The splash page gives us a nice introduction not only of the players, but also of the likely action.  "On Earth-One, the Justice League of America has never been defeated in its ceaseless war against crime and injustice…" Directly below that block of text we see our lineup representing the JLA:  The Flash, Wonder Woman, Superman, Batman and Green Lantern.  "On Earth-Two, the Justice Society of America has tasted only victory as it battles against the forces of evil…" This time the roster includes Hawkman, Black Canary, Doctor Fate, Dr. Mid-Nite and Starman.  As you can see, they've shuffled the players a bit, just like in my last review.  Starman and Dr.
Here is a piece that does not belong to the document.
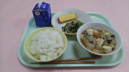今日の給食です。 【献立】 ごはん 牛乳 厚焼き卵 香味和え 肉豆腐 です。
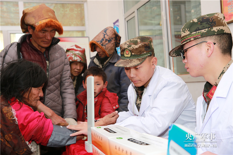 2月22日,武警青海省总队玉树支队军医吕超、卫生员易海山为受灾严重的珍秦村村民进行义务诊疗、赠送药品。赵晓川摄

Mid-Nite are the "newbies" in this case.  "Now meet the super-powered beings of Earth-Three…triumphant in every one of their missions…" The roll call for this newly introduced group includes Superwoman, who wields a golden lasso just like Wonder Woman; Owlman, whose costume is similar to that of Batman; Ultraman, a fair facsimile of Superman; Johnny Quick, who closely resembles The Flash and Power Ring, who very nearly mimics Green Lantern. 

On the following page the action begins, first on Earth-One in Central City where The Flash is disarming a pair of thugs intent on shooting a police officer.  The scene shifts rapidly to The Flash of Earth-Two in Keystone City, where Jay (Flash) Garrick is escorting a pair of criminals to the police station.  Then we peek in on a third scarlet speedster in action on Earth-Three, but his activities are much less altruistic.  Johnny Quick has just stolen a valuable sculpture from the art museum, valued at a million credits.  As he begins to speed away, a metallic net falls onto him. He vibrates free before the police can capture him, but he muses that he's gotten rusty having very little in the way of impediments to his crimes.  Power Ring and Superwoman come to the same sort of conclusions as they fight off efforts to subdue them.  Our writer then lets us know that Earth-Three is quite a different place from Earths One and Two.  The similarities of namesake heroes such as The Flash, Green Lantern and the Atom are displayed and it is then explained that Earth-Three has evolved quite differently.  A short run through the history of the planet demonstrates the point.  Christopher Columbus, an American, is shown discovering Europe.  Colonial England won her freedom from the United States and the actor Abraham Lincoln shot President John Wilkes Booth.  Consequently, the super-beings of Earth-Three are criminals who have banded together to form the Crime Syndicate of America in this topsy-turvy version of Earth. 

We now join the Crime Syndicate in their secret sanctuary where the members are comparing notes and are in agreement that they're losing their fighting edge due to the lack of worthy adversaries.  Owlman dubs it a "crisis."  Soon the final member, Ultraman, joins them and announces a discovery.  He describes a recent robbery at the museum of natural history where he obtained his coveted item, a newly landed kryptonite meteor.  In Ultraman's case, exposure to kryptonite gives him a new power and this time he received ultra vision, which enabled him to observe the Justice League in action on Earth-One.  He was astounded to see them averting, rather than committing crimes and he suggests Power Ring use his ring to open the dimensional barriers between the worlds so the others can observe, too.  After studying matters for a while, the group excitedly decide to pay a visit to Earth-One to pit themselves against the JLA.  (How Superwoman knew it was "Earth-One" is anyone's guess.)  Owlman, whose renowned intellect allows their crimes to come off without a hitch, suggests some contingency planning just in case things don't go quite according to plan and Part I ends.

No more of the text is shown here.